Alliance Airlines has posted a record profit of $34 million after tax for the 2020-21 financial year, despite the COVID-19 pandemic, off the back of strong contract and charter demand.
The airline is now looking to bring forward the deployment of its E190 aircraft, and suggested it will continue to hire new pilots, cabin crew and ground staff to support the speedy deployment.
Alliance said that while its wet lease and regular public transport (RPT) operations fell due to border closures throughout the year, its charter revenues increased by 66 per cent on last year’s figures, while its flying hours for charter operations jumped 83 per cent.
Meanwhile, contract revenue, which includes the airline’s FIFO operations in the mining and resource sectors, increased 6 per cent year-on-year, as the airline revealed four material contract renewals and four new contract clients over the 2020 financial year.
Other operations did see a rebound through the second half of the financial year as COVID restrictions largely eased, Alliance said.
The company also revealed that it accepted $8.8 million in aviation-related government assistance.
Since the beginning of the pandemic, many charter operators have similarly reported significant increases in demand, as the flying public shied away from commercial services due to COVID fears.

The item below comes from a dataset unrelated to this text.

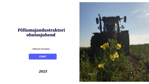 Põllumajandustraktori ohutusjuhendamise digikeskkonna läbimise maht on 1,5 tundi, millele lisaks on vajalik läbida vähemalt 30 minutiline praktilne juhendamine. Digikeskkonnas on testid, mille lahendamine eeldab teoreetilise osa eelnevat läbi töötamist. Iga mooduli lõpetuseks on test Google vormi keskkonnas ning test avaneb uue vahelehena, mille võib sulgeda pärast testi sooritamist. Teoreetiline materjal toetab kokkuvõtva testi sooritamist, mis teostatakse digikeskkonna läbimisel viimasena. Vastamiseks on ainult üks katse ning maksimum punkte on võimalik saada kokku 27 punkti. Kokkuvõtva testi tulemuseks on vajalik koguda 80% õigeid vastuseid, et ohutusjuhendamine lugeda sooritatuks. Kogu digikeskkonnaga seotud teoreetiline informatsioon on leitav John Deere, Massey Ferguson ja New Hollandi kasutusjuhenditest, mis on aluseks võetud digikeskkonna sisu loomisel. Viited leitavad allikaloendist. Loodan, et digikeskkonna sisu on meelepärane ja jääte rahule. Omandate ohutusalaseid teadmisi ning läbite loodud sisu maksimaalsele tulemusele. Edu! Maksim Kandala Maksten.ou@gmail.com Maksten.ee

“Alliance has produced a record result at a time when we are investing heavily in supporting the growth of the business,” said Alliance Airlines managing director Scott McMillan.
“The underlying business, utilising the Fokker fleet, continues to reap the benefits of past planning and investment and is the financial and operational foundation on which the E190 expansion has been built.”

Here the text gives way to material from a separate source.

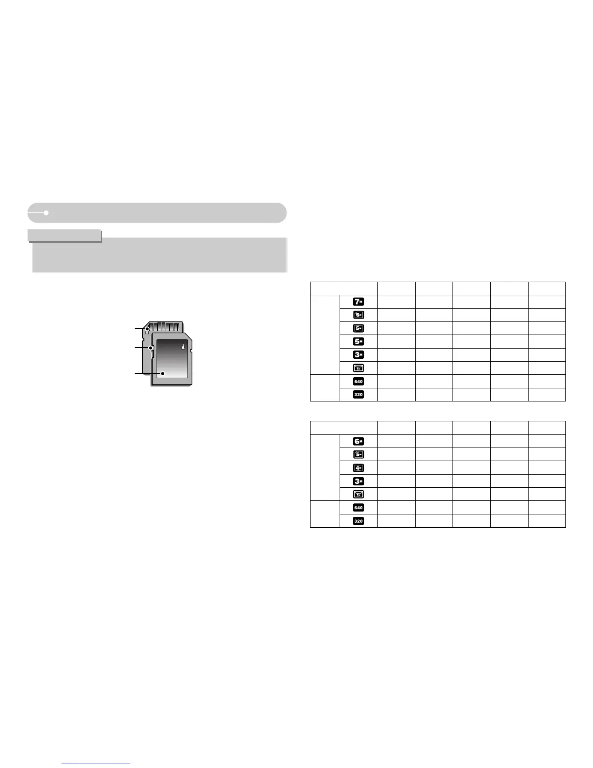 ■ When using a 256MB MMC (Multi Media Card), the specified shooting capacity

McMillan said the airline made the decision to bring forward the deployment of its newly-acquired Embraer E190 due to “earlier than expected capacity demand”, at an additional operating cost of $11.5 million.
The company now expects to have at least 14 E190 aircraft in service by December 2021, with the balance deployed by mid-2022.
The airline also re-stated its plan to see a three-fold increase of its annualised flight hours by the end of 2022, off the back of majorly discounted E190 orders made in the last year, while it continues to bolster its position in the wet lease market.
“We see ourselves as a wholesaler,” McMillan said in June, explaining why this tactic is what he sees as the future of the carrier.
“There’s a global trend that Qantas is following which is to have much higher frequency, smaller aircraft flying point-to-point, so bypassing the large hubs. You’ll be able to fly city pairs [non-stop] that you’ve never thought of and that’s really good for the flying public.”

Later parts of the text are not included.